When the government subsidizes a “favorable” company, it can exert a strong influence over the company’s internal and external workings. Money encourages a regulatory role and makes private property and private initiative contingent upon their service to the state.

Standing or kneeling for the National Anthem should be the policy of the private corporation and their ownership, not the Federal Government. The line of sovereignty becomes blurred when governmental “contracts” are involved. The NFL created a relationship by shilling for the warfare state and using Americans patriotism to cash in on the gravy train that governmental contracts bring.

Accepting federal funds is an endorsement for the increasingly paternalist role of the Federal Government. From public education to health care “we the people” have become subservient to Washington DC. Taxes, regulations and directives are not only expected of the favorable but have become requirements to maintain a privilaged status.

“Your Flag Decal Won’t Get You Into Heaven Anymore” john prine

Standing for the National Anthem might be a symbol of patriotism for many but there are dozens of things that are more patriotic than standing for a song about a flag. Real patriots take a stand, speak out, kneel, protest and challenge the government whenever it steps out of line.
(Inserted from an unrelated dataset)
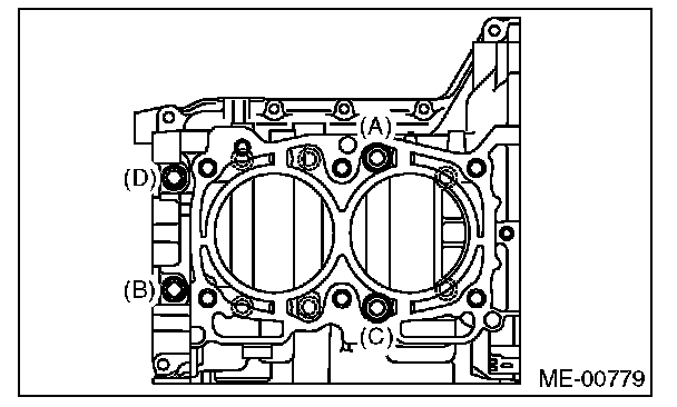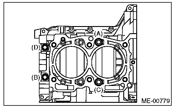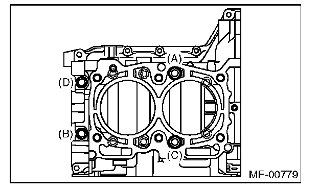 7) Tighten the LH side cylinder block connecting bolts (A - D) further in alphabetical order.

There is nothing less patriotic than a mandate to do so, patriotism has become overexposed. Forced patriotism is a bastardization of the intended purpose. Forced patriotism is alive and well in the NFL. Patriotic displays will continue to be calculated and designed to unite rather than divide.

Kaepernick’s protest was not designed to be unpatriotic but it upset a sterilized version of patriotism.  It was a challenge to the NFL’s homogenized, “one size fits all” patriotism. Colin Kaepernick was a victim of propaganda and the ratings game.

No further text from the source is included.